**EXERCISE PROMPT:**
The lines to copy run from the one containing "Cette forte instabilité" to the end of the listing. Please write them out exactly, minus the pictures.

**SUPPLIED INFORMATION:**
^^^^^^^^

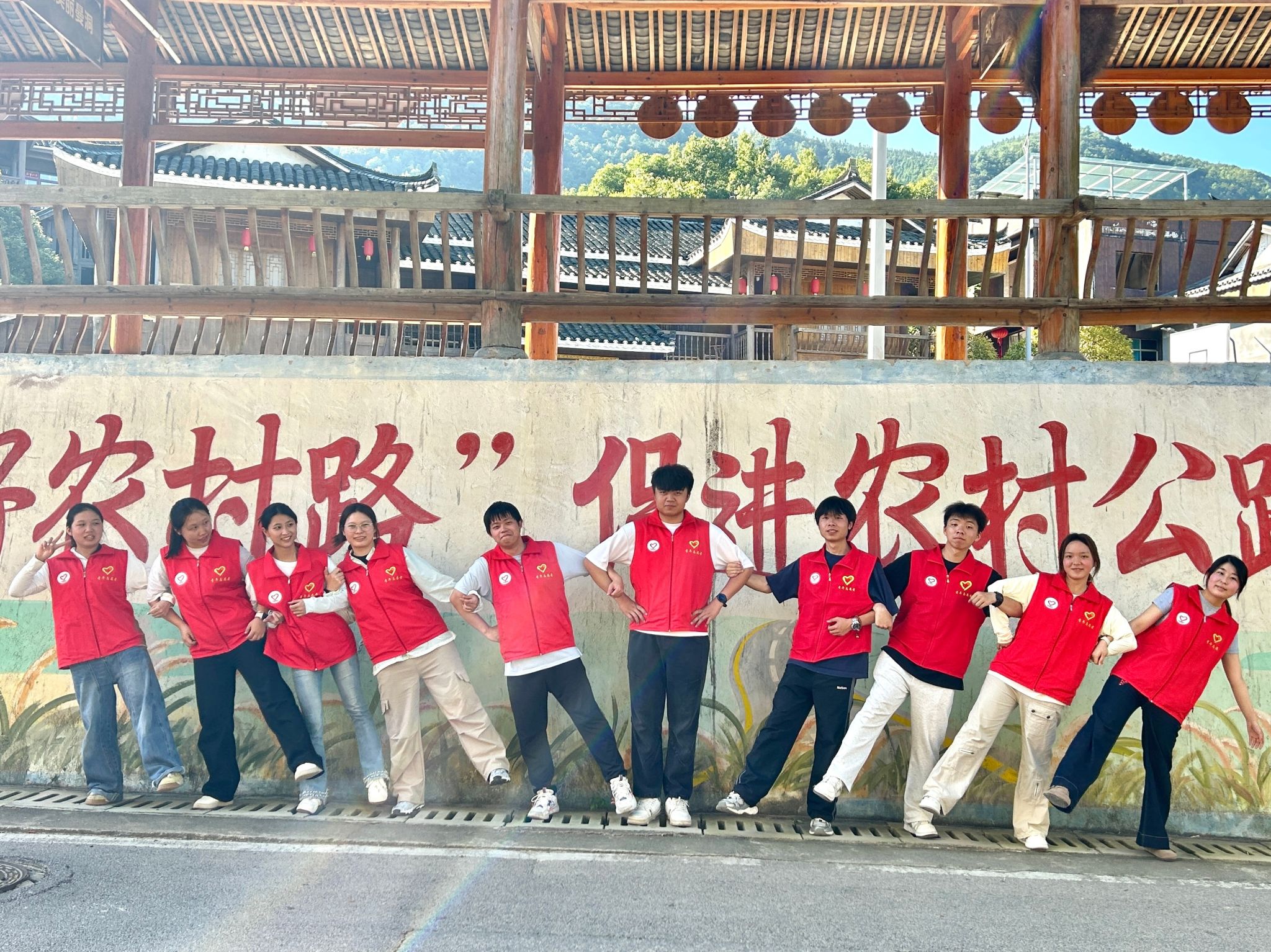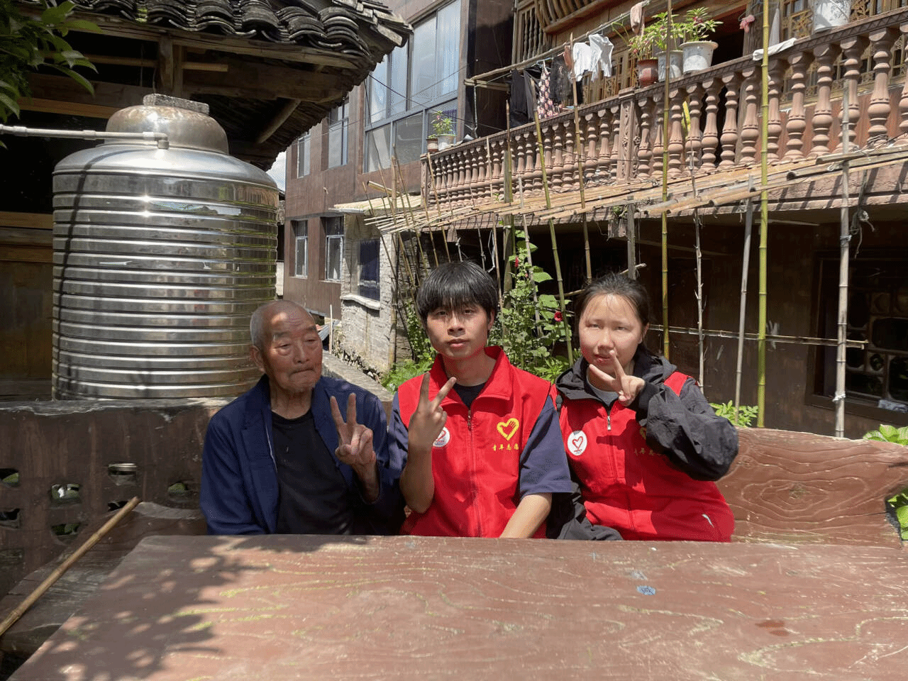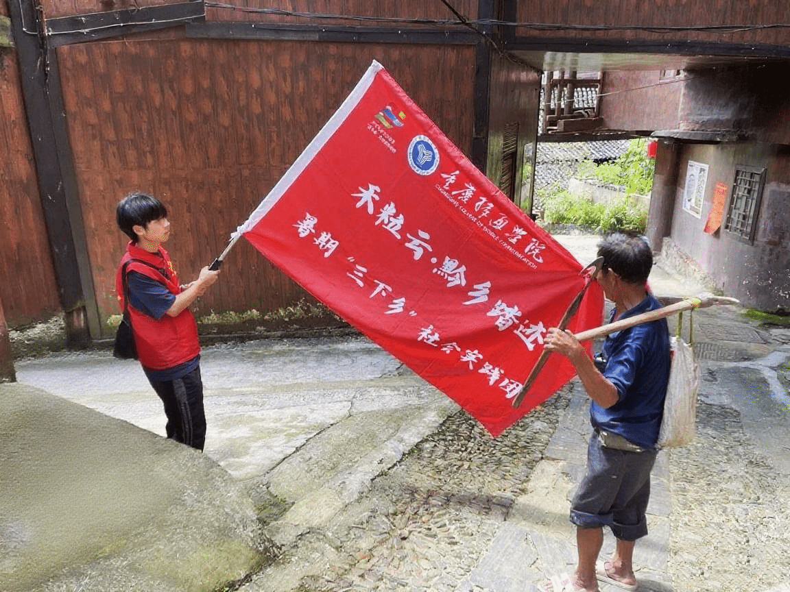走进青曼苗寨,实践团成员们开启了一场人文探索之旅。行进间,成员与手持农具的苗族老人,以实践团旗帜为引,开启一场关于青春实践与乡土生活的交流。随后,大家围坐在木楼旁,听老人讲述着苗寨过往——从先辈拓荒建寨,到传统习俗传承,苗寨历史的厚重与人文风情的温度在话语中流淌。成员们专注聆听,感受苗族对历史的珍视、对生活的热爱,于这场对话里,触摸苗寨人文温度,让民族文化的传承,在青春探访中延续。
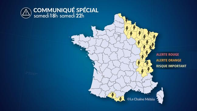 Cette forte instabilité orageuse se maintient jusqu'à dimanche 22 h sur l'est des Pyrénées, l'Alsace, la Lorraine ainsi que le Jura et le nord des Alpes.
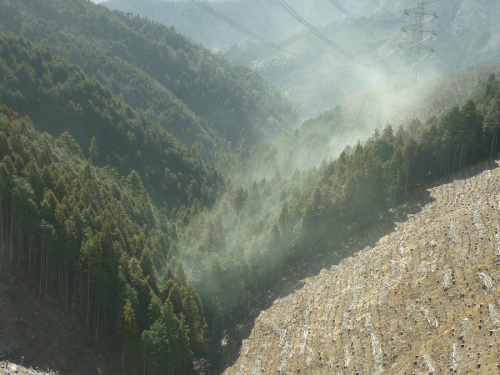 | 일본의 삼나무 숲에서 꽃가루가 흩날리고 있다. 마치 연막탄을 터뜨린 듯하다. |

^^^^^^^^

**EXPECTED ANSWER:**
 Cette forte instabilité orageuse se maintient jusqu'à dimanche 22 h sur l'est des Pyrénées, l'Alsace, la Lorraine ainsi que le Jura et le nord des Alpes.
 | 일본의 삼나무 숲에서 꽃가루가 흩날리고 있다. 마치 연막탄을 터뜨린 듯하다. |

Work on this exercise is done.